▶ **Material for the task**

Start of Block

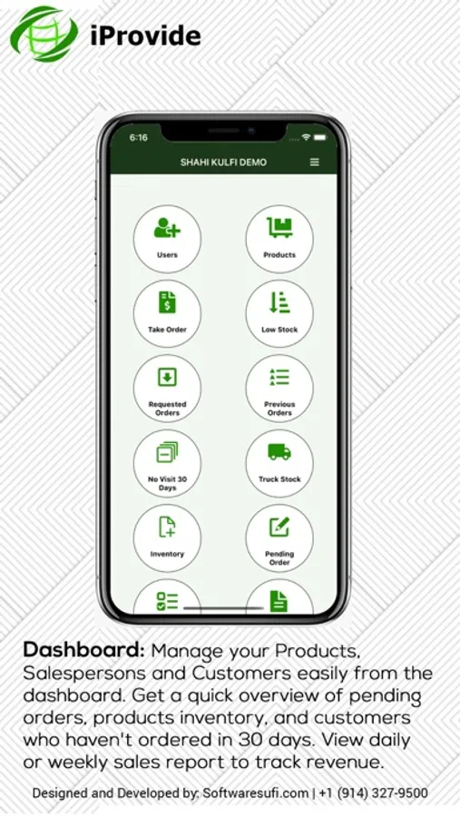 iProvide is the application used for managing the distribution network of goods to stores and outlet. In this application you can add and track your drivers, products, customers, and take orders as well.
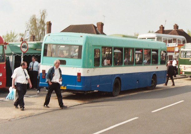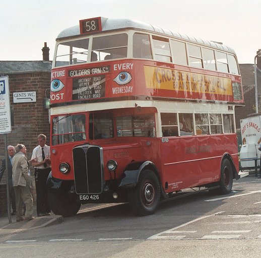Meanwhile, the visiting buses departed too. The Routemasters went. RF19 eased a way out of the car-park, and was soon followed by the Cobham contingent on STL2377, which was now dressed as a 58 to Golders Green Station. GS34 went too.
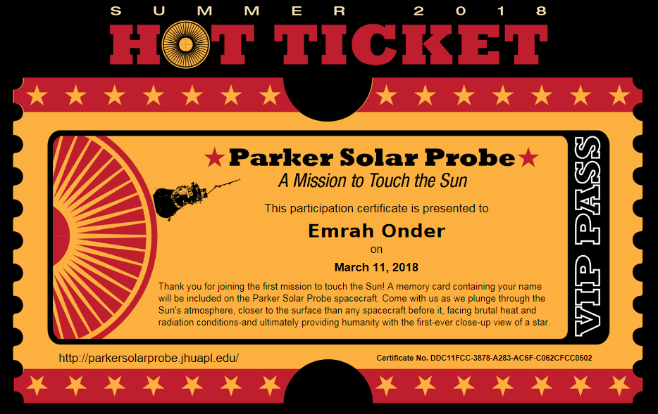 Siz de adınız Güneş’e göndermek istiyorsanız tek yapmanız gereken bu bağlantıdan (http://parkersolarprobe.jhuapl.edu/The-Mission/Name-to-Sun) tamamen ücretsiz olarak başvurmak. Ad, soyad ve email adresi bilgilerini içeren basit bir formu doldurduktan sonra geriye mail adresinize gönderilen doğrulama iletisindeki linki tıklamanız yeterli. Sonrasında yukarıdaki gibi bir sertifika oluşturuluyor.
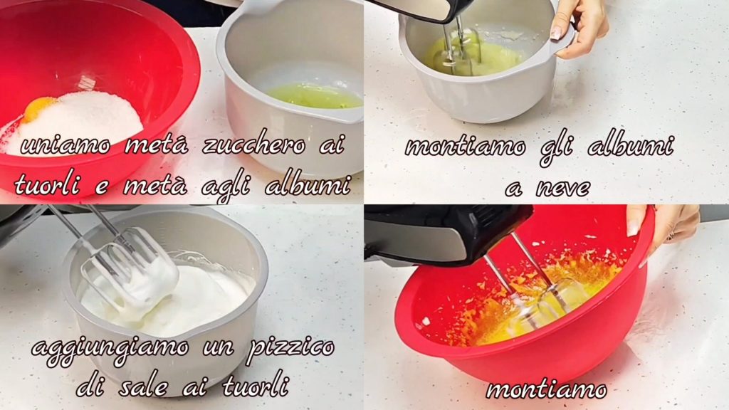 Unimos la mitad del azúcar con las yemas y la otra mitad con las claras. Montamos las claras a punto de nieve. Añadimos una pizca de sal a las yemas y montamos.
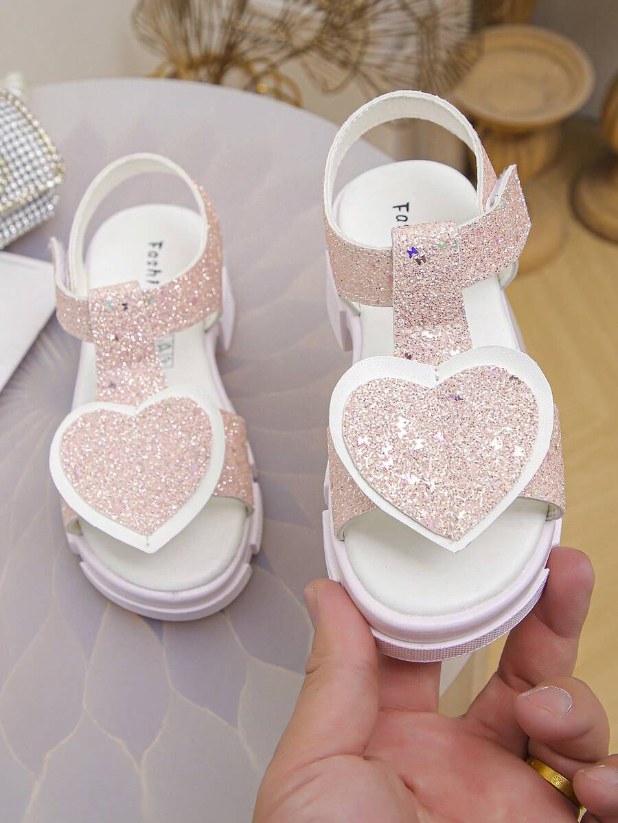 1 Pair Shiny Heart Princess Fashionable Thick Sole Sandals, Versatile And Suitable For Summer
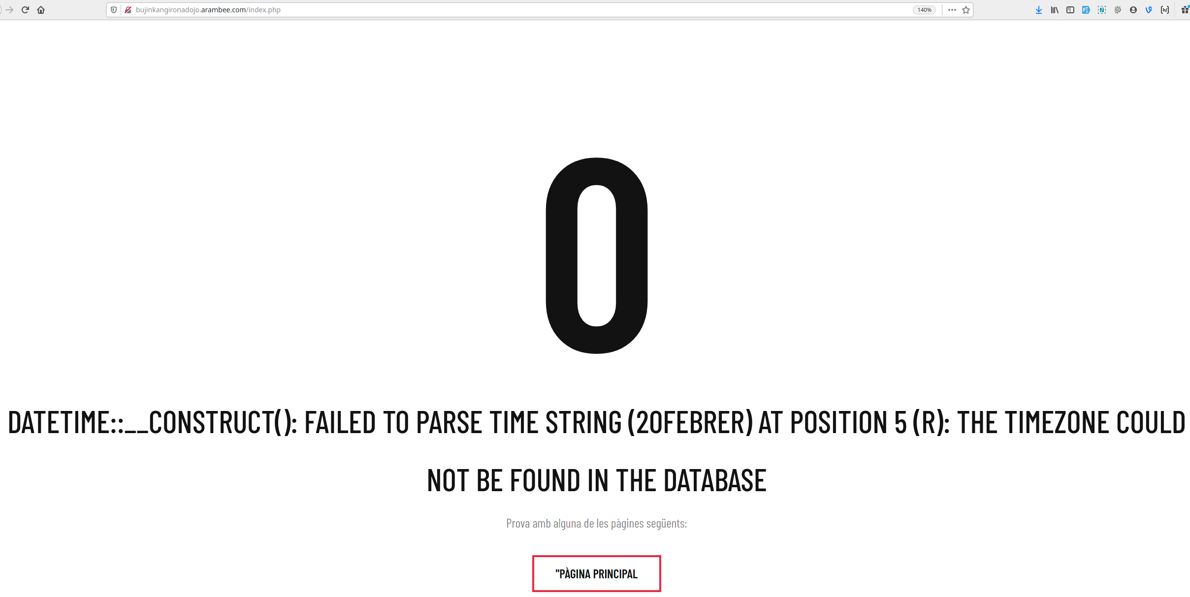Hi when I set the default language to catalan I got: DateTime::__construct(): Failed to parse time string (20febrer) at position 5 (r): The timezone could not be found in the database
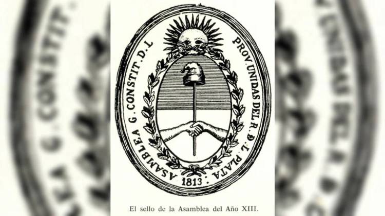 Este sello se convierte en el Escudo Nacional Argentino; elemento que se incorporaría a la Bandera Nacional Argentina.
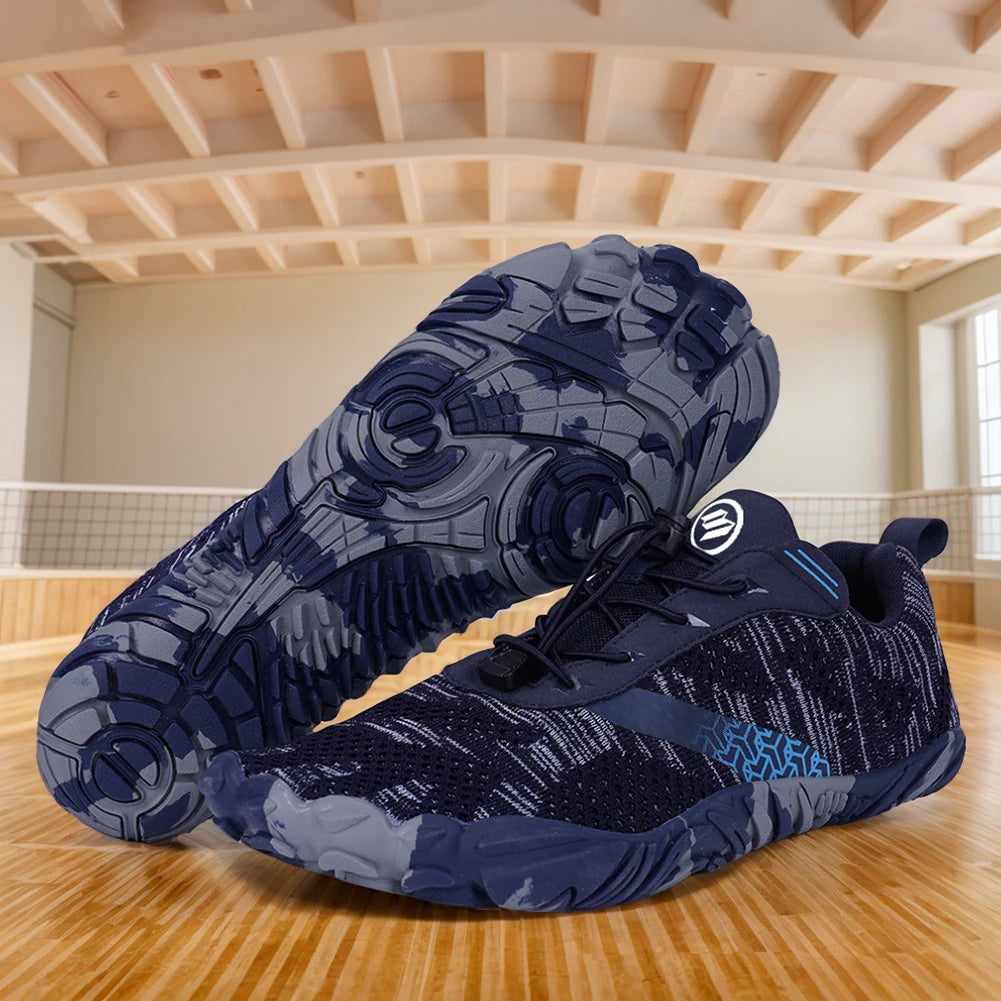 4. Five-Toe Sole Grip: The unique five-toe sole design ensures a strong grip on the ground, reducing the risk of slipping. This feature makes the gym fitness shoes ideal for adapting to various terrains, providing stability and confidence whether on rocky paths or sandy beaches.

End of Block
Start of Block

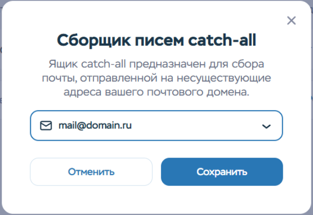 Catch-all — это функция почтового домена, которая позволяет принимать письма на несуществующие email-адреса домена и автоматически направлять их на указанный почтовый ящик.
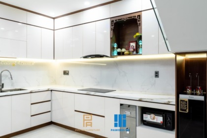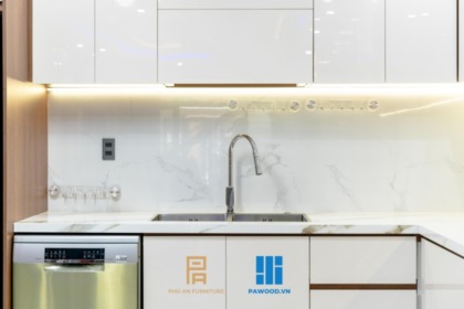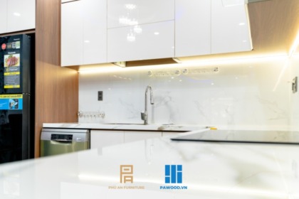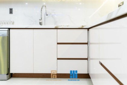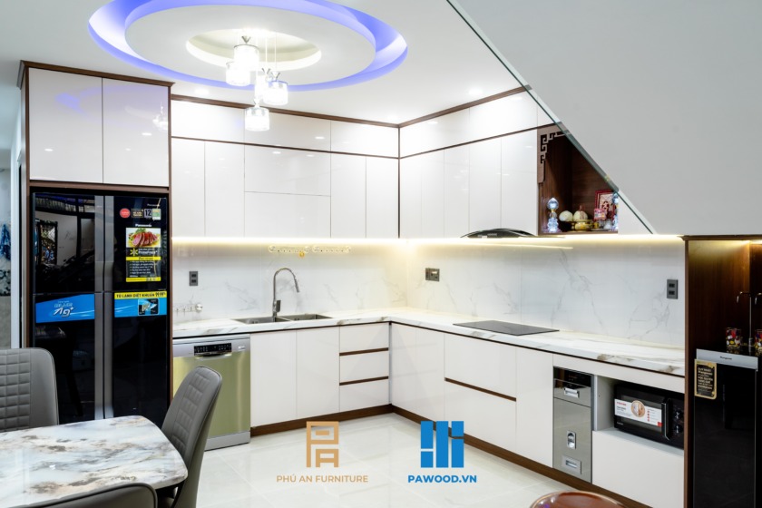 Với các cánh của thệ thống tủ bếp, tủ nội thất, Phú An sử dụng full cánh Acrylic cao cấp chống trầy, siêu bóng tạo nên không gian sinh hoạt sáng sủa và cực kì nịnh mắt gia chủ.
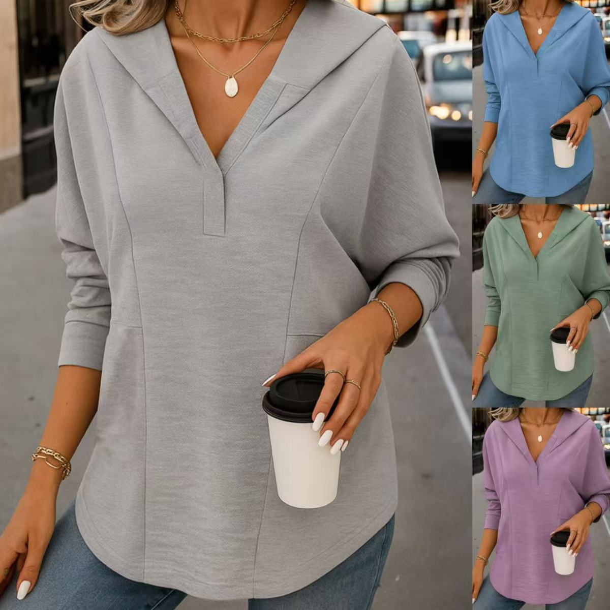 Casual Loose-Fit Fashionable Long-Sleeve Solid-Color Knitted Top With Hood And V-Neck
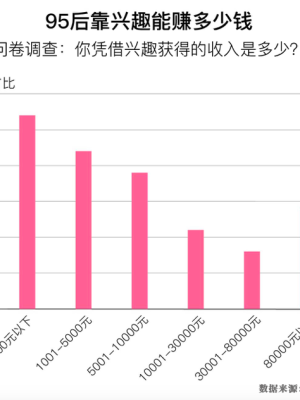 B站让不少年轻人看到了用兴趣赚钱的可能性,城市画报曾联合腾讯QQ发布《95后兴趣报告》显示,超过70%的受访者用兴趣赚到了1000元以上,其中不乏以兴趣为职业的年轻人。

End of Block

▶ **Exercise**
Using the entries above, write out exactly the lines from the one with "1 Pair Shiny" through the one with "4. Five-Toe Sole", ends included. Leave out any pictures.

▶ **Task result**
 1 Pair Shiny Heart Princess Fashionable Thick Sole Sandals, Versatile And Suitable For Summer
Hi when I set the default language to catalan I got: DateTime::__construct(): Failed to parse time string (20febrer) at position 5 (r): The timezone could not be found in the database
 Este sello se convierte en el Escudo Nacional Argentino; elemento que se incorporaría a la Bandera Nacional Argentina.
 4. Five-Toe Sole Grip: The unique five-toe sole design ensures a strong grip on the ground, reducing the risk of slipping. This feature makes the gym fitness shoes ideal for adapting to various terrains, providing stability and confidence whether on rocky paths or sandy beaches.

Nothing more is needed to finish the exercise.